Lo específico de san Mateo tenemos que buscarlo allí: en cómo él ha leído el Antiguo Testamento y ha puesto en transparencia algunas de sus escenas de modo que la pasión de Jesús se comprendiera a la luz de relatos más conocidos por sus lectores.
Lamentablemente la situación se ha invertido, y nosotros, cristianos, casi no conocemos el AT más que a muy grandes rasgos, por lo tanto muchos aspectos de lo que narra Mateo se nos oscurecen, precisamente porque la transparencia pretendida ya no funciona.
Si queremos comprender a fondo el relato de la pasión de san Mateo, conviene que leamos los capítulos de 2 Samuel 13 a 17. Se nos narra allí un episodio en la vida de David: su hijo Absalón se rebela contra él, y logra hacerse provisoriamente con el reino. David tiene que marchar al destierro con los que le quedan fieles de su corte, y no sólo lo rechazan los suyos, hasta parece que el propio Dios le envía un benjaminita, Semeí, que en el camino le tira piedras y lo maldice.
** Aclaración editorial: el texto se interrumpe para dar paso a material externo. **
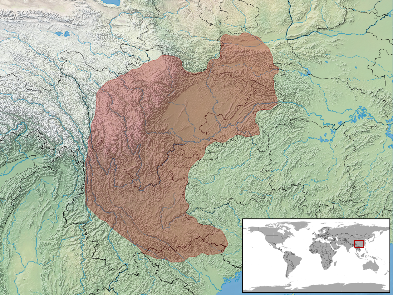 geographic distribution of Scincella monticola

Abandonado de Dios y de los hombres, David llora su destino.
Hay muchos puntos de coincidencia, por ejemplo, el lugar donde se detiene el grupo a llorar la tragedia (el Monte de los Olivos), la presencia de un traidor (Ajitófel), y su ahorcamiento final, la percepción de que este abandono no es sólo de los hombres sino también de Dios...
¿Por qué estas coincidencias? Todos sabemos que no conocemos nunca nada nuevo del todo, para conocer algo nuevo, necesitamos referirlo a algo ya conocido... ¡así funcionamos! San Mateo ha ido narrando la pasión de Jesús de modo que evocara en el lector la pasión de David, y por medio de ella la ha hecho inteligible. Nos permite también que saquemos una conclusión lógica: si David, el rey ungido por Dios, ha tenido que pasar por la frustración y el abandono de Dios y de los hombres, ¿no tendrá que pasarlo también Jesús, verdadero descendiente de David y llamado a realizar su reino de manera definitiva?
Este abandono y frustración, leídos en al perspectiva de David, contienen en germen la gran esperanza de que no falta mucho para que podamos, al igual que David, celebrar las misericordias de Dios y el triunfo de su bondad para con nosotros.